Eddie reached under the dash and pulled out the white cell phone.

" Eddie Conover."

" Look in your mirror."

Eddie squinted over his shoulder. Kron pulled within ten feet of the car. " Hey, you turkey!"

" How are you able to call into my thoughts?"

" Thoughts? Whaddaya nuts?" Eddie looked at the phone. " Hey, this ain't my phone anyways."

" Who's phone is it?"

" I wuz at the doctor's office. Well, the clinic. See, I gut this hernia. Keeps actin' up." Kron nudged his bumper and Eddie swerved on the highway. " You're gonna get us killed, you dumb bastard!"

" Pull over."

" I need to get to Alpine Memorial."

" What?" asked Kron.

" The hospital, you dummy. My client was almost killed."

" Pull over, Eddie."

" Yes, sir." He saluted and whipped across the lanes without looking, just missing an accelerating pick up as he veered into the breakdown lane. Kron was cautious because of the traffic pattern on his forward screen. He slowed the van once a few cars had passed and gently followed the little car into the side lane. Eddie remained inside as if he were getting a speeding ticket.

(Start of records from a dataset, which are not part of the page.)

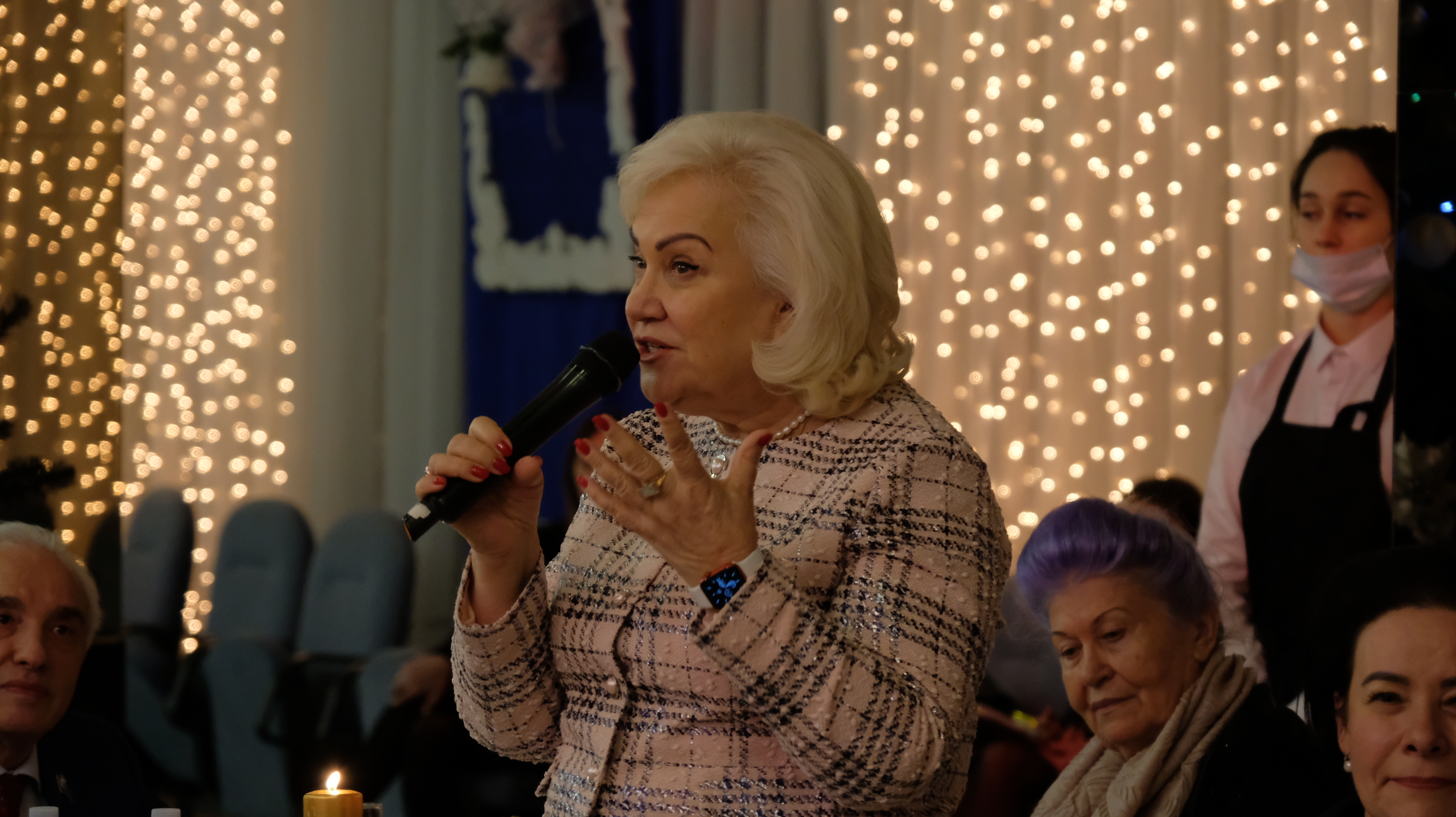 Елена Дятлова поздравила собравшихся с наступающими новогодними праздниками и высказала слова благодарности в адрес почетных граждан, причастных к судьбе города. Рассказала глава администрации о результатах работы этого года, о важных и нужных объектах, которые открылись в этом году, а также планируется открыть в преддверии нового года.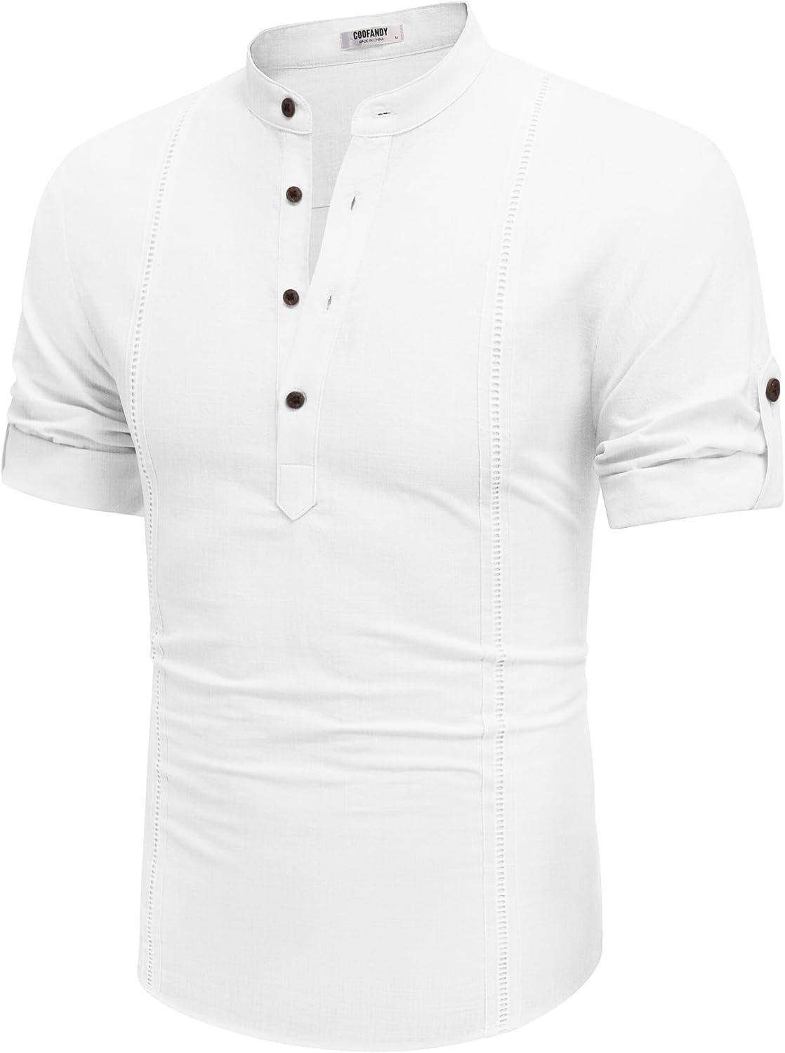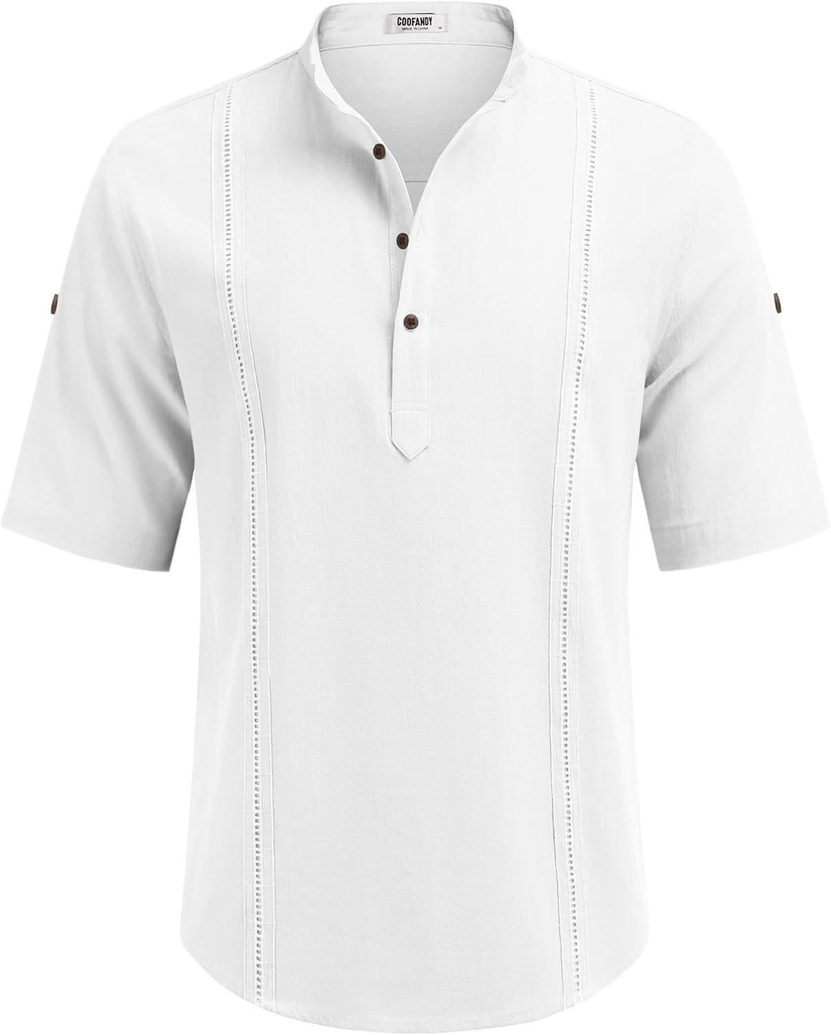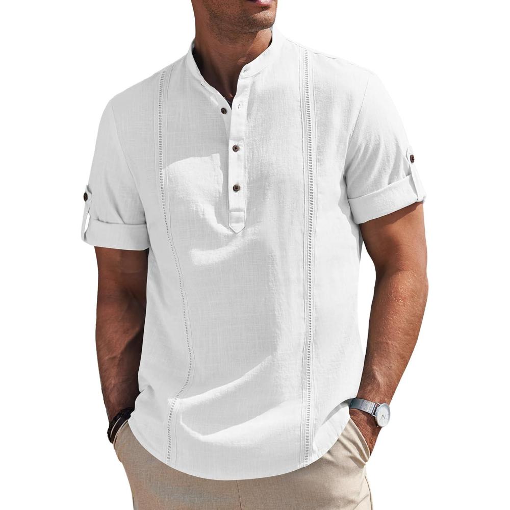 COOFANDY Men’s Cotton Linen Henley Shirt Short Sleeve Hippie Casual Band Collar Summer Beach T-Shirts(A-white)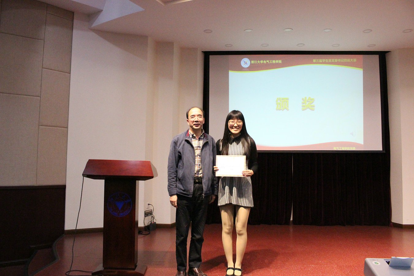 随后,主持人宣布比赛结果。颁奖结束后,王瑞飞老师进行了总结发言。王瑞飞老师肯定了本次党支部书记技能大赛的形式及取得的良好效果,通过历年的党支书技能大赛看到了电气学院学生党员实实在在的成长,强调了学生党支部在高校党建和思想政治教育中的战斗堡垒作用以及党支部书记应发挥的先锋模范作用。最后,他勉励在座学生党建骨干,要抓住机会、锻炼才能,提升综合素质、勇于承担责任,以良好的心态、开放的姿态参与各种有益的学生活动,在科研生活、社会服务等方方面面得到锻炼提高并做出良好表率。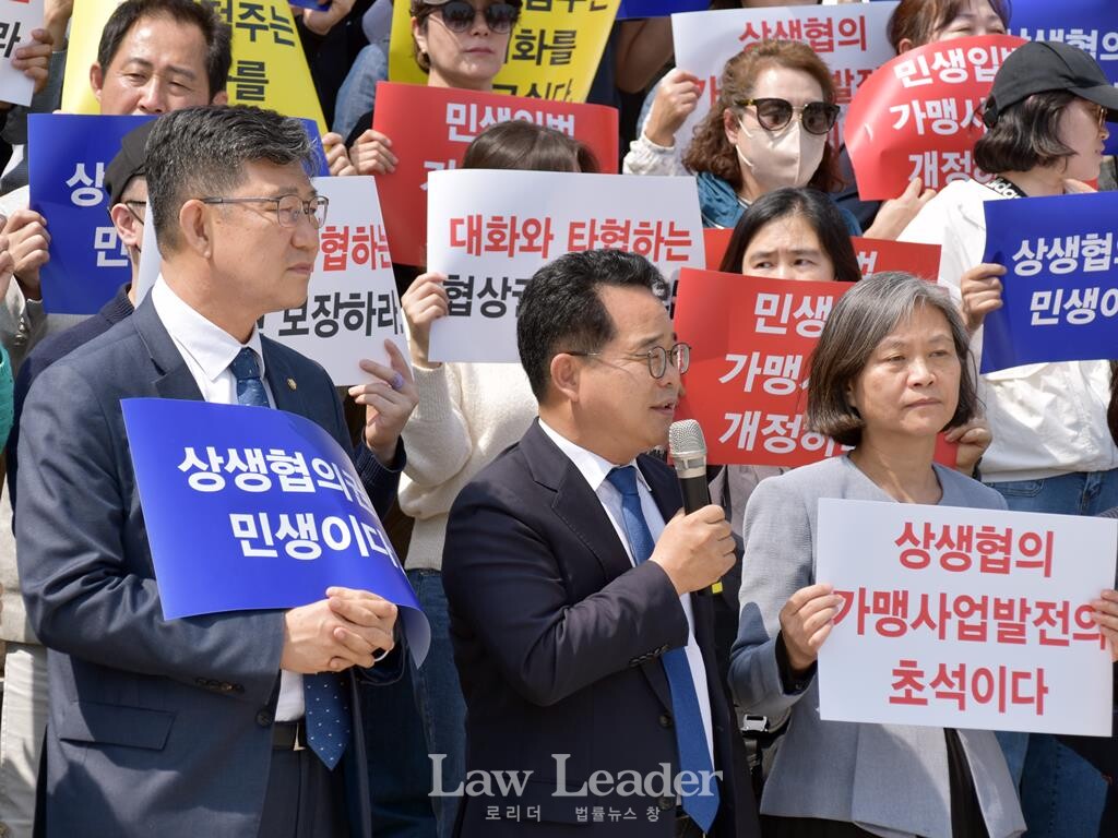 이날 연대발언을 위해 기자회견에 참석한 민병덕 더불어민주당 국회의원은 “지난해(2023년) 국감을 하면서 ‘100개의 법보다 한 번의 만남이 더 중요하다’는 말을 들었다”면서 “국감 도중에는 증인이라는 수단을 써서 압박하니까 그동안 안 만났던 가맹점주와 가맹본사 간의 만남이 이뤄졌고, 그 몇 개월 동안의 만남 속에서 10년 간 묵었던 사안들이 해결되기도 했다”는 일화를 소개했다.

Kron squeezed through the van's door frame. A warning buzzer sounded in his head and the screen alerted him to a truck approaching from behind at eighty-seven point nine miles per hour. Instinctively, he leaped upward, surprising himself as he rose fifty feet into the air. The rumbling truck and stream of air passed below and continued down the highway. He stared at Lake Van Buren's blue horizon and floated effortlessly back to the asphalt.

Eddie sprang from the car and pointed with his cigarette in hand.

" Heeby, heeby, heeby! How did you do that, Kron-man?"